● **Problem details**:
Beginning with the line that contains "Anello in argento", transcribe the rest of the listing below exactly, including its last line, and exclude any pictures.

● **Supplied material**:
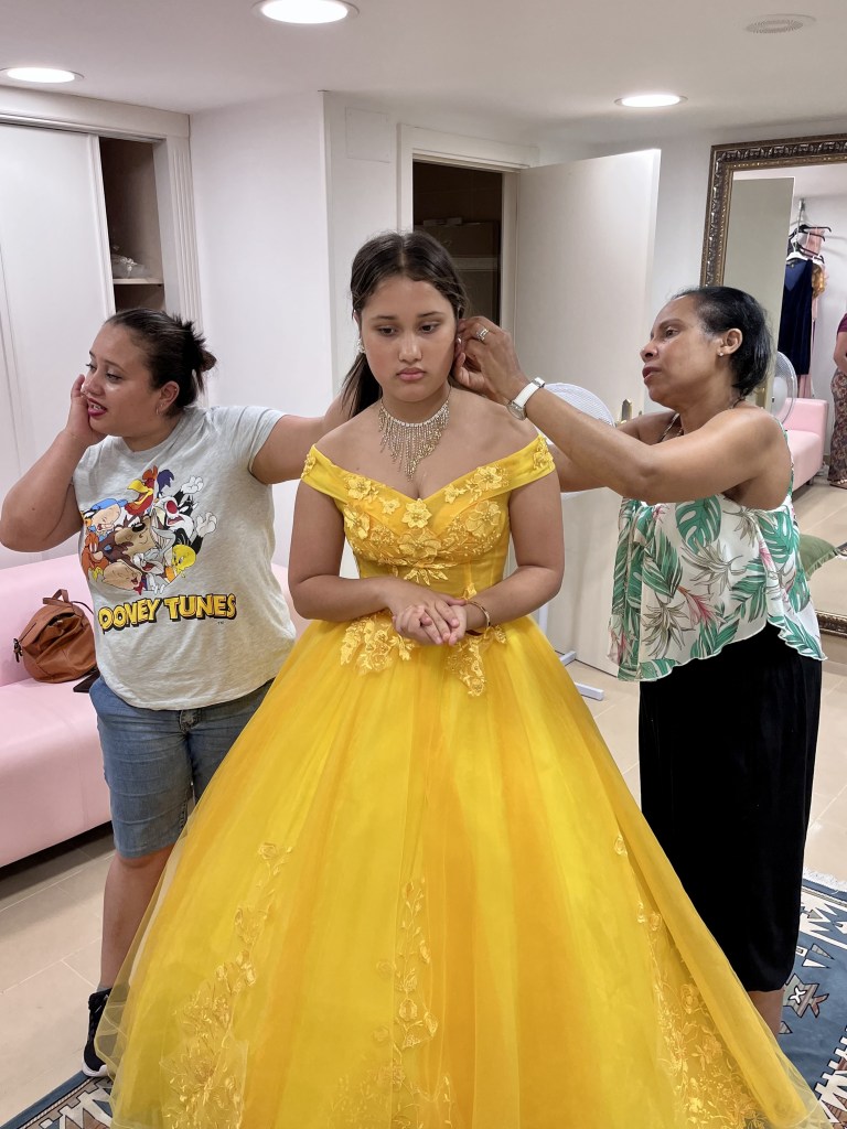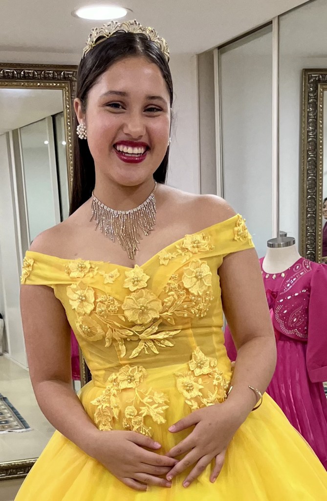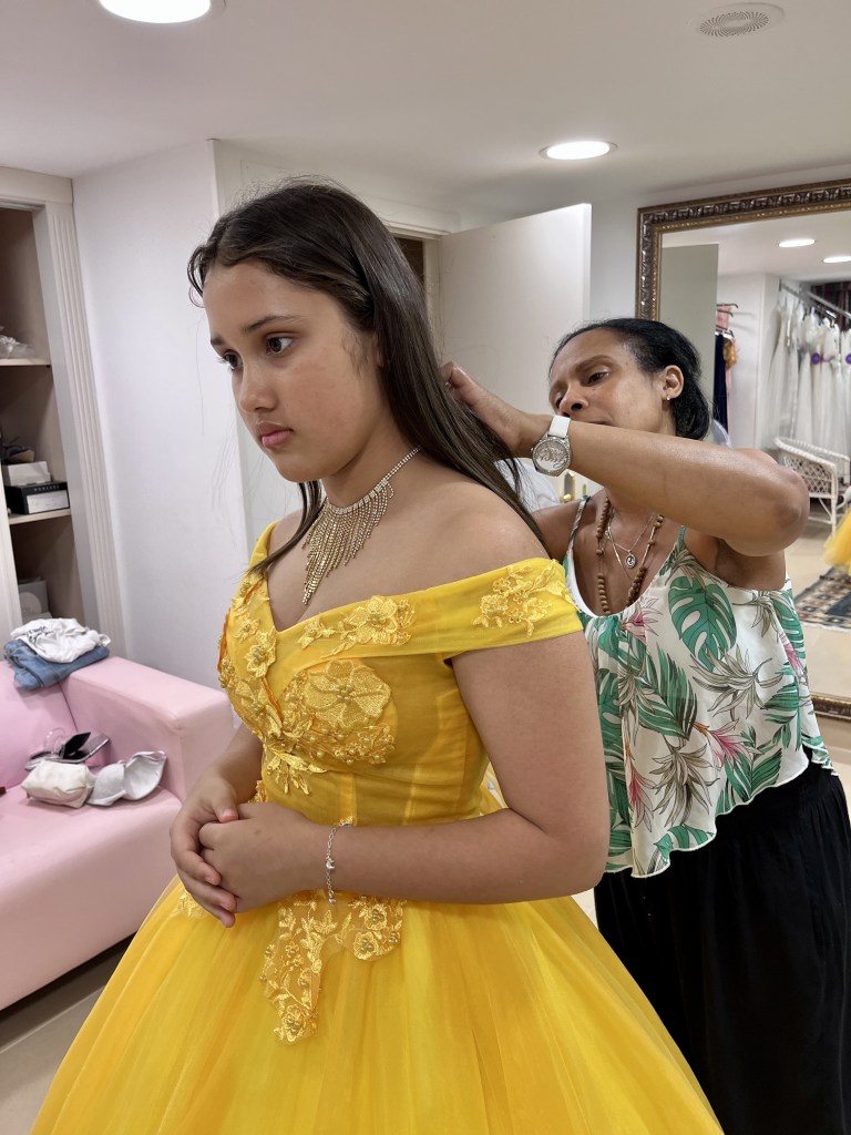 La asociacion Los pequeños corazones de cuba de Irun, recibe a stefania de origen colombiana, para probarse un vestido de quinceañera en nuestra tienda SPOIR Royal Magnificat.
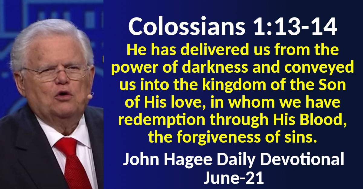 John Hagee (June-21-2025) Daily Devotional: Colossians 1:13-14 - He has delivered us from the power of darkness and conveyed us into the kingdom of the Son of His love, in whom we have redemption through His Blood, the forgiveness of sins.
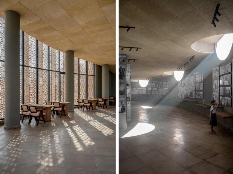 The Nokha Village Community Centre is surrounded by desert, so appropriately it is clad in locally sourced sandstone. Most striking is at the library, where sandstone screens filter the sunlight entering the ovoid space. The museum, housed in a long curving space beneath the ramping roof, is illuminated by light scoops set into the earth berm. The project is completed by two simple outbuildings with cafeteria, kitchen, restrooms, and other ancillary spaces. The whole project gives the community a place to gather and engage with each other and their natural surroundings.
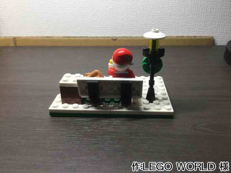 - クリスマスに雪が積もった様子を再現しました。ベンチや街灯の上を白くし、地面も白い板をはり、所々凸凹にしました。
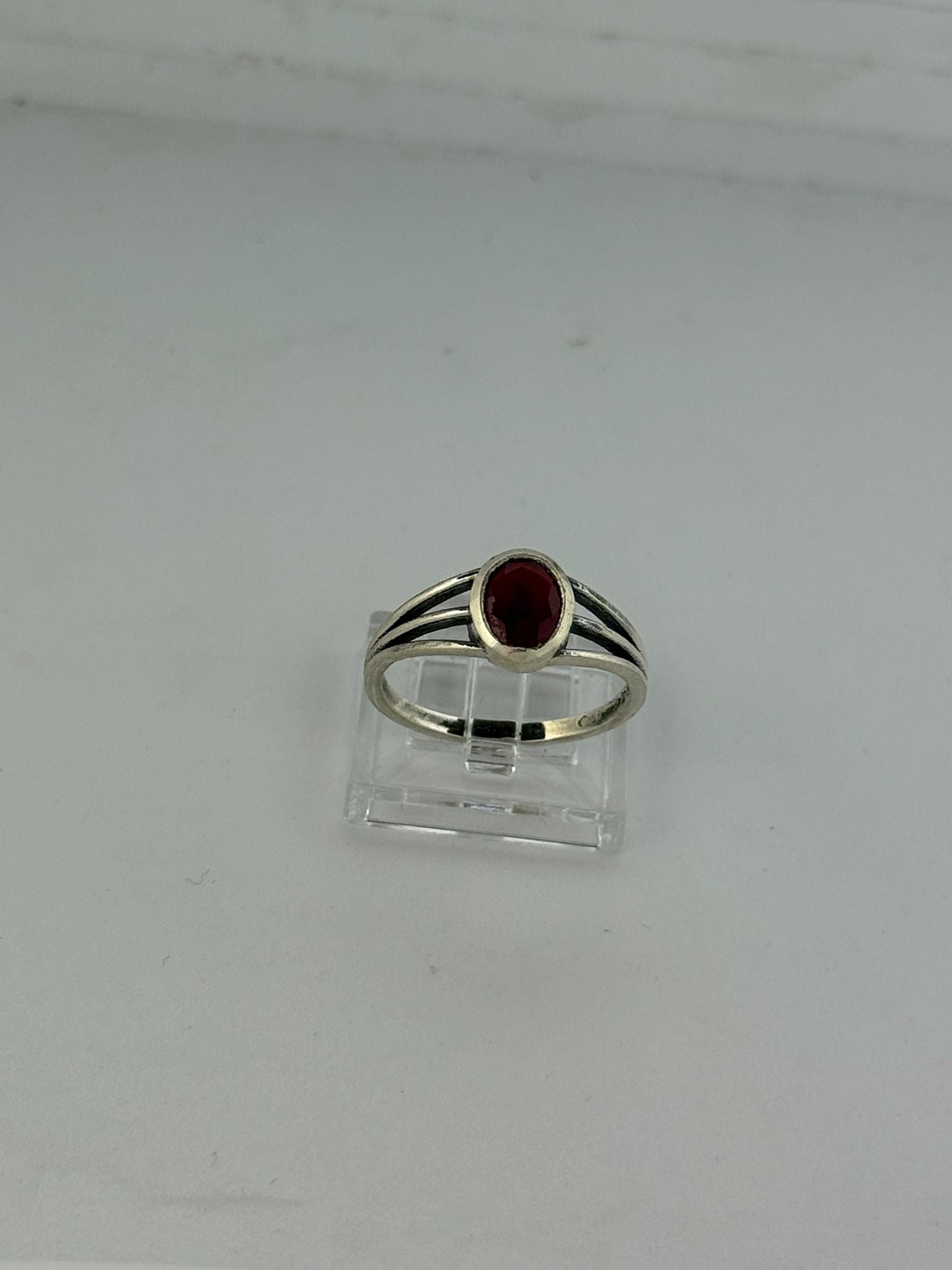 Anello in argento 925 con pietra centrale granato rosso, taglio sfaccettato.
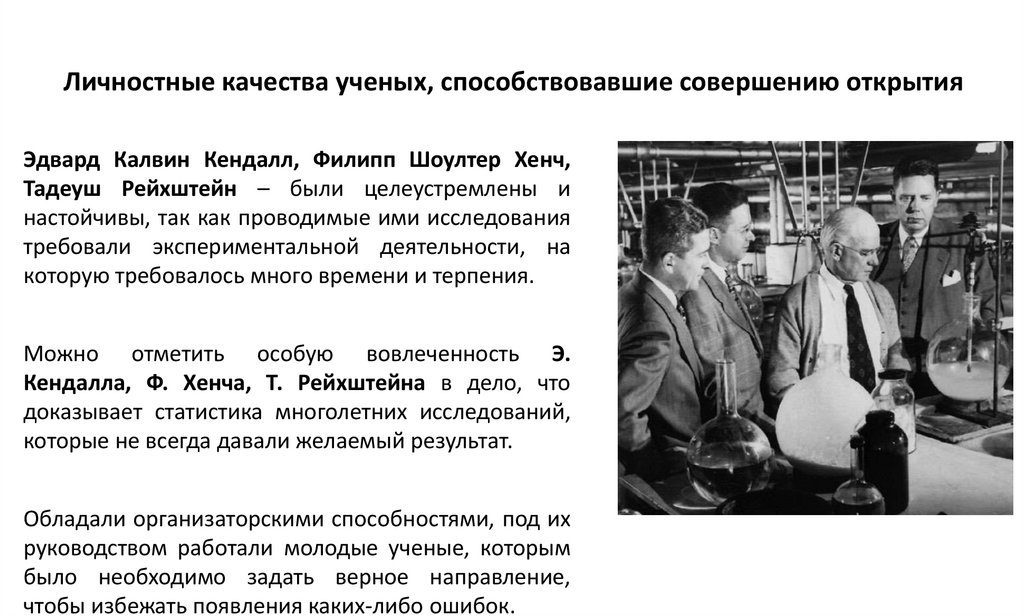 Личностные качества ученых, способствовавшие совершению открытияЭдвард Калвин Кендалл, Филипп Шоултер Хенч,
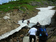 ヒュッテ手前の残雪を行く |
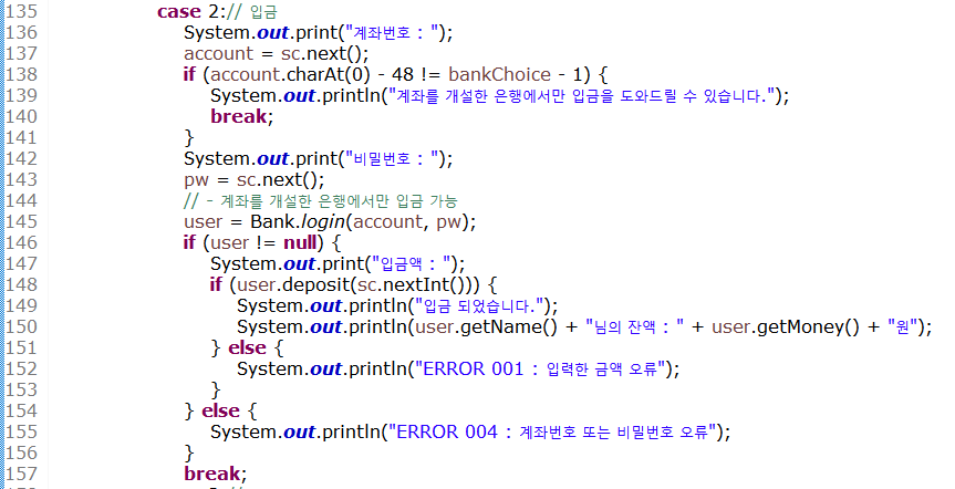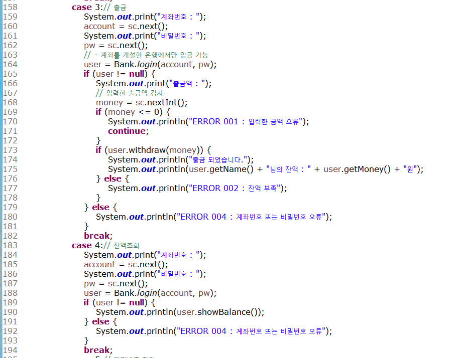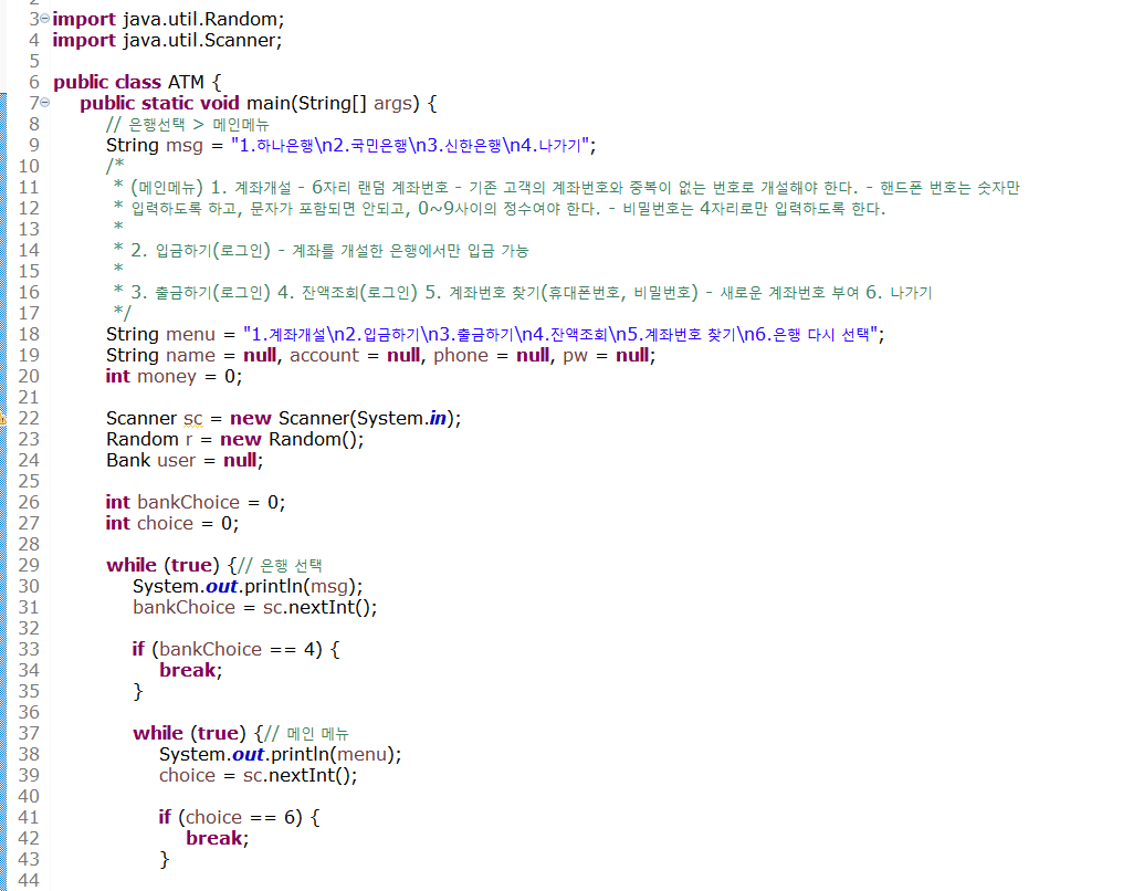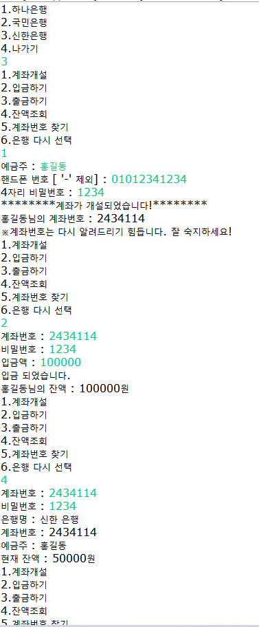 "1.하나은행\n2.국민은행\n3.신한은행\n4.나가기";

● **Final answer**:
 Anello in argento 925 con pietra centrale granato rosso, taglio sfaccettato.
 Личностные качества ученых, способствовавшие совершению открытияЭдвард Калвин Кендалл, Филипп Шоултер Хенч,
 ヒュッテ手前の残雪を行く |
 "1.하나은행\n2.국민은행\n3.신한은행\n4.나가기";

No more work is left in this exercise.